Trained on 800 GPUs and searched ~15000 architectures over 28 days.
Evaluated on CIFAR-10 (3.65% error rate) and PTB dataset (word: 62.4 ppl; char: 1.214 ppl).
Address large computation when directly search on large dataset (e.g., ImageNet): Modify the search space to search for the best cell structure instead of an entire network structure, and may better generalize to other tasks (called NASNet search space).
Similar to RNN/LSTM cell [1], first predict which two input hidden states and then predicts what operations to apply on them.
The number of cell stacking is considered as hyperparameter tailored to the scale of network.
They first search on CIFAR-10 (called NASNets) and transfer to ImageNet without much modification.
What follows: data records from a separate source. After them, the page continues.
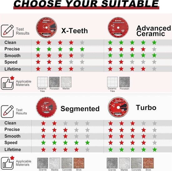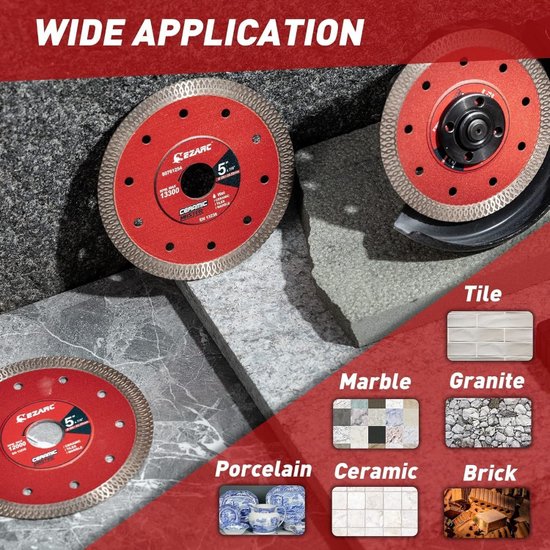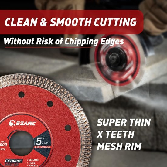 ✅Супертонкий алмазный диск диаметром 5 дюймов предназначен для резки плитки; мрамора; гранита и других твердых материалов. Высокопроизводительная матрица из легированной стали с равномерным распределением алмазов обеспечивает долговечность и эффективное удаление материала.✅Диски оснащены зубьями X turbo mesh; которые обеспечивают чистые и гладкие разрезы с минимальными сколами и боковым трением. Они подходят для работы с мелкозернистым сланцем; фарфором и керамикой; гарантируя высокое качество резки без повреждений.✅Размер диска 5 дюймов с посадочным отверстием 7/8 дюйма подходит для большинства плиткорезов и угловых шлифовальных машин. Толщина сегмента составляет 1 мм; высота сегмента 10 мм; а максимальная скорость вращения достигает 12 000 об/мин.✅Профессиональный дизайн с интегрированным фланцем обеспечивает стабильность и безопасность при резке; снижая вибрацию и уровень шума. Диски универсальны для сухой и влажной резки различных материалов; что делает их идеальным выбором для профессионалов и домашних мастеров.✅Супертонкий алмазный диск диаметром 5 дюймов предназначен для резки плитки; мрамора; гранита и других твердых материалов. Высокопроизводительная матрица из легированной стали с равномерным распределением алмазов обеспечивает долговечность и эффективное удаление материала.✅Диски оснащены зубьями X turbo mesh; которые обеспечивают чистые и гладкие разрезы с минимальными сколами и боковым трением. Они подходят для работы с мелкозернистым сланцем; фарфором и керамикой; гарантируя высокое качество резки без повреждений.✅Размер диска 5 дюймов с посадочным отверстием 7/8 дюйма подходит для большинства плиткорезов и угловых шлифовальных машин. Толщина сегмента составляет 1 мм; высота сегмента 10 мм; а максимальная скорость вращения достигает 12 000 об/мин.✅Профессиональный дизайн с интегрированным фланцем обеспечивает стабильность и безопасность при резке; снижая вибрацию и уровень шума. Диски универсальны для сухой и влажной резки различных материалов; что делает их идеальным выбором для профессионалов и домашних мастеров.
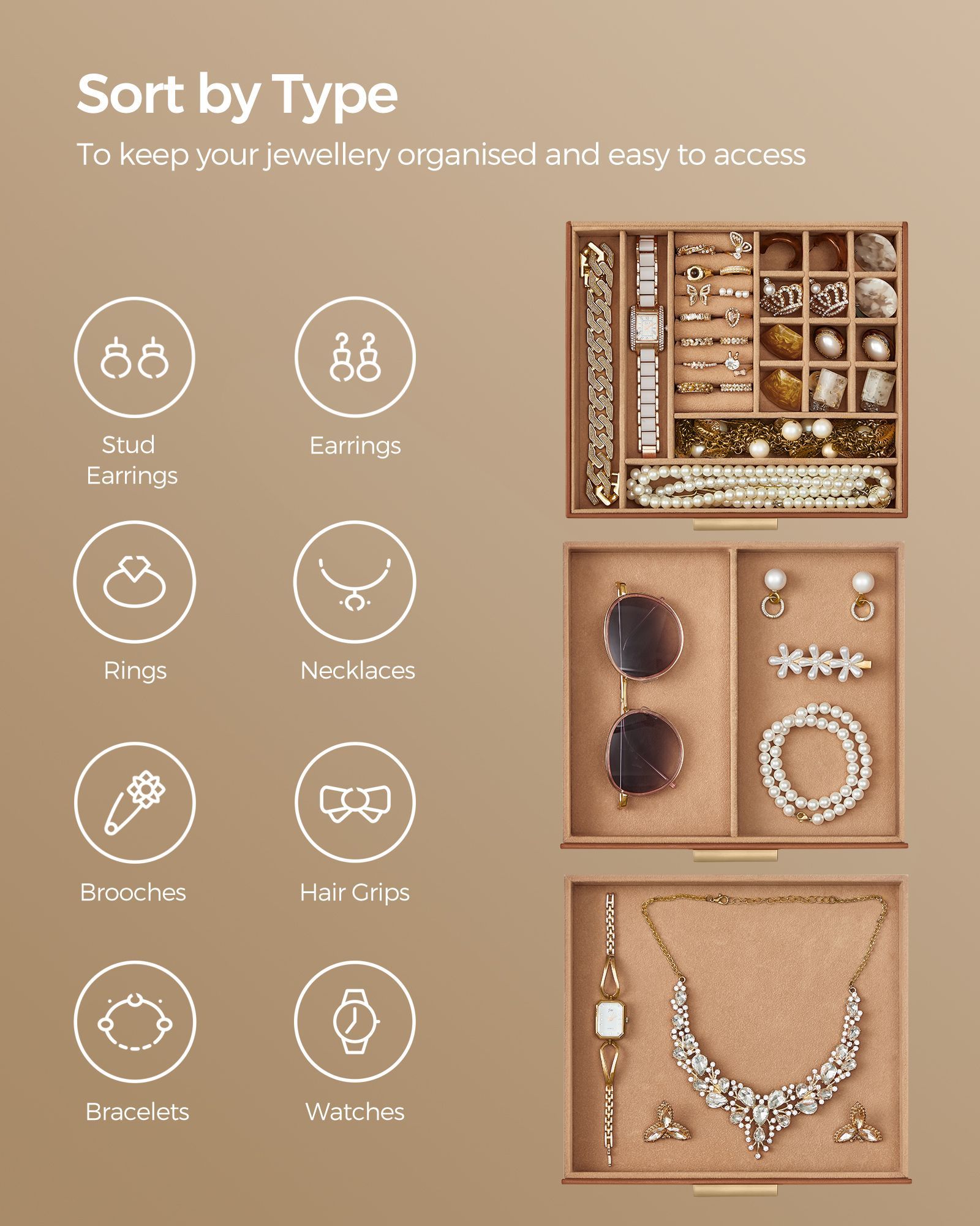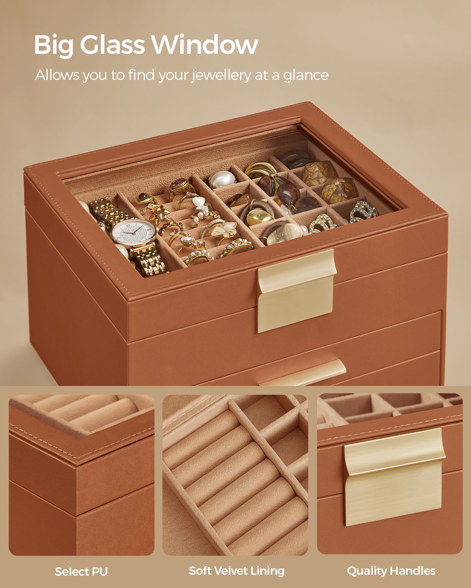 Jewellery Box - SOLNZA 3 Tier Organizer with Lid - Caramel Brown and Gold
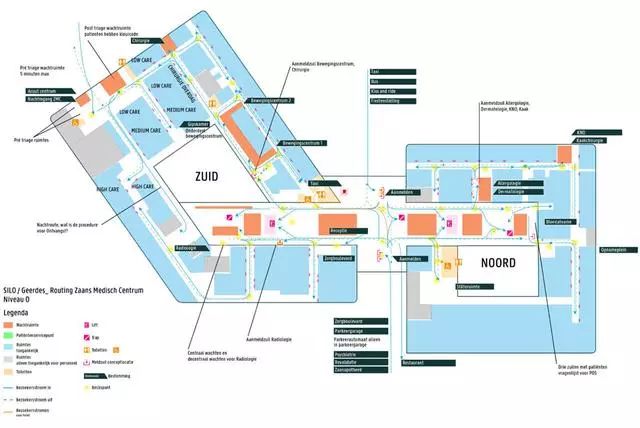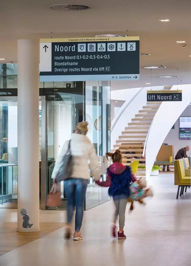 荷蘭一家建筑面積近4萬平米的綜合性醫(yī)院——Zaans Medisch Centrum,導視設(shè)計就非常有特色。
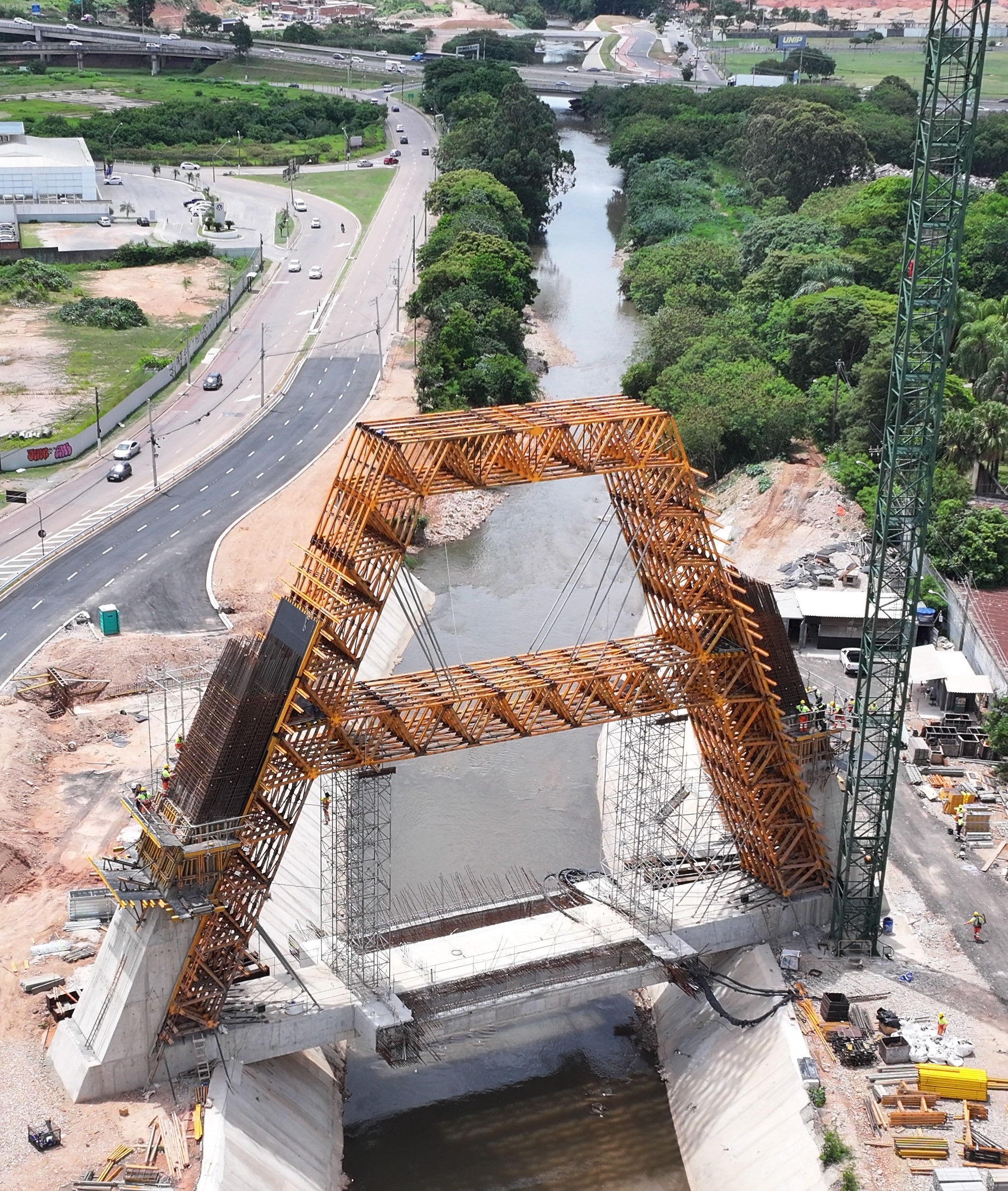 Dentro do pacote de obras do prolongamento da Avenida Frederico Ozanan, em Jundiaí-SP, está uma ponte estaiada sobre o Rio Jundiaí.
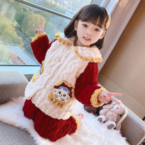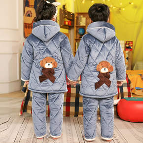 儿童睡衣法兰绒三层夹棉冬季加厚男童女童宝珊瑚绒家居...
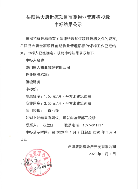 嶽陽縣大唐世家項目前期物業管理招投標中標結果公示

The optimization is same as NAS [1] but replace vanilla policy gradient as proximal policy optimization (ppo) method.
Trained on 450 GPUs over 4 days and is 7x faster than [1].
Evaluated on CIFAR-10 (2.4% error rate) and ImageNet (82.7% top-1 acc = SENet)
The image feature learned by NASNets are generally useful and transfer to other computer vision tasks (e.g., object detection achieves 43.1% mAP on COCO).
Instead of search and train an network from scratch repeatly, they propose to search an network transformation operation (Net2Net) given the current searched network.
Net2Net operations: Net2Wider (replace a layer with a wider layer) & Net2Deeper (insert a new layer).
The bi-LSTM takes current architecture as consideration and output on which Net2Net operation to apply.
Trained on 5 GPUs less than 2 days.
Evaluated on CIFAR-10+ (4.23% error rate) and SVHN (1.83% error rate).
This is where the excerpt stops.